Su pueblo y su país recurrieron frecuentemente en sus análisis. Por la agudeza, incluso la crudeza de sus juicios, los fundamentalistas de una América libre del pecado original, paraíso insuperado de las oportunidades y la ilusión según la “fábrica de sueños” de Hollywood, pudieron tacharlo de contestatario, de enemigo de la Unión de acuerdo con el diccionario del maccartismo. Al parecer, nadie quiere más a su madre que quien pretende conocerla con el propósito de reconocerse en ella, de modo que en más de una ocasión dijo estas cosas: “Imagínese a alguien con un ego desmesurado pero que no consigue tener éxito. Le queda el consuelo de las drogas. Estados Unidos es una especie de atleta que pesa 150 kilos y mide más de dos metros, y que está en perfecta forma física, pero que cada pocos minutos necesita olfatearse las axilas para comprobar que no despiden mal olor.” Mailer fue hechura de esa madre. Su tendencia a la violencia, incluso la doméstica que torturó sus seis matrimonios, y su vocación de “tipo duro” provienen de la sociedad norteamericana surgida y extendida en el violento trote de Atilas de sombrero y revolver, más tarde trocados por cascos y misiles. Pero cierta capacidad lo diferenció del resto de esa sociedad parteada –término de Carlos Marx- por la violencia. A Mailer lo singularizaba la capacidad de la comprensión. Comprendía que “La guerra es un estado mental, que precede a las hostilidades y continúa después de que éstas han cesado”.
Los manuales ligan a Mailer con el New Jornalism. Lo incluyeron en la lista de autores que, según Tom Wolfe, mientras esperaban convertirse en novelistas iban calentando sus motores en el reportaje. Pero ya para esos años iniciales de la portentosa década de los 60, Mailer era novelista y también un periodista que sabía emplear los recursos de la narrativa literaria para dotar a su ejercicio periodístico de la calidad y la hondura de la novela. Fue un jardinero exquisito del llamado en español periodismo literario, que posee antecedentes en Daniel Defoe, Víctor Hugo y José Martí. Tal vez el New Jornalism norteamericano –que no es el principio de ningún camino, sino su continuación- no marcó a Mailer con la desmesura técnica que caracterizó los reportajes de los autores de ese movimiento aparentemente renovador y que al fin, en un breve lapso, despertó la sospecha en los lectores.
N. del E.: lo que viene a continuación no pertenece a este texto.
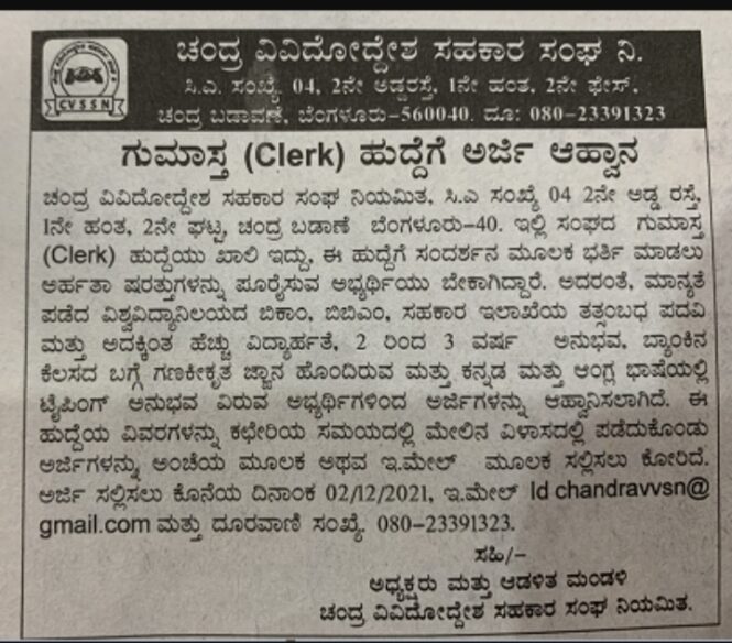 ಚಂದ್ರ ವಿವಿದೋದ್ದೇಶ ಸಹಕಾರ ಸಂಘ ನಿಯಮಿತ, ಬೆಂಗಳೂರು ಇಲ್ಲಿ ಸಂಘದ ಗುಮಾಸ್ತ ಹುದ್ದೆಯು ಖಾಲಿ ಇದ್ದು, ಈ ಹುದ್ದೆಗೆ ಸಂದರ್ಶನ ಮೂಲಕ ಭರ್ತಿ ಮಾಡಲು ಅರ್ಹತಾ ಷರತ್ತುಗಳನ್ನು ಪೂರೈಸುವ ಅಭ್ಯರ್ಥಿಯು ಬೇಕಾಗಿದ್ದಾರೆ. ವಿದ್ಯಾರ್ಹತೆ : ಮಾನ್ಯತೆ ಪಡೆದ ವಿಶ್ವವಿದ್ಯಾನಿಲಯದ ಬಿಕಾಂ, ಬಿಬಿಎಂ, ಸಹಕಾರ ಇಲಾಖೆಯ ತತ್ಸಂಬಧ ಪದವಿ ಮತ್ತು ಅದಕ್ಕಿಂತ ಹೆಚ್ಚು ವಿದ್ಯಾರ್ಹತೆ. 2 ರಿಂದ 3 ವರ್ಷ ಅನುಭವ. ಬ್ಯಾಂಕಿನ ಕೆಲಸದ ಬಗ್ಗೆ ಗಣಕೀಕೃತ ಜ್ಞಾನ ಹೊಂದಿರುವ ಮತ್ತು ಕನ್ನಡ ಮತ್ತು ಆಂಗ್ಲಭಾಷೆಯಲ್ಲಿ ಟೈಪಿಂಗ್ ಅನುಭವವಿರುವ […]

Mailer fue habitualmente más claro, más preciso en sus fines, sin llegar a saturar, asfixiar con las atmósferas cerradas, a lo Poe, de los llamados “periodistas nuevos”.
Polémico siempre; fracasado por momentos; combatido a veces; exaltado también, sus más de 30 títulos permanecerán como los signos preclaros de una sociedad donde “mucha gente –dijo- estaría feliz si pudiera encerrar a la mitad de la población en las cárceles”. Libros como Los ejércitos de la noche, Oswald: un misterio americano y El fantasma de Harlot, que denuncian el totalitarismo del poder en los estados Unidos, mantendrán viva la verdadera identidad de Norman Mailer: “Ser un testigo molesto” que intentó expresar la Historia como novela y la novela como Historia.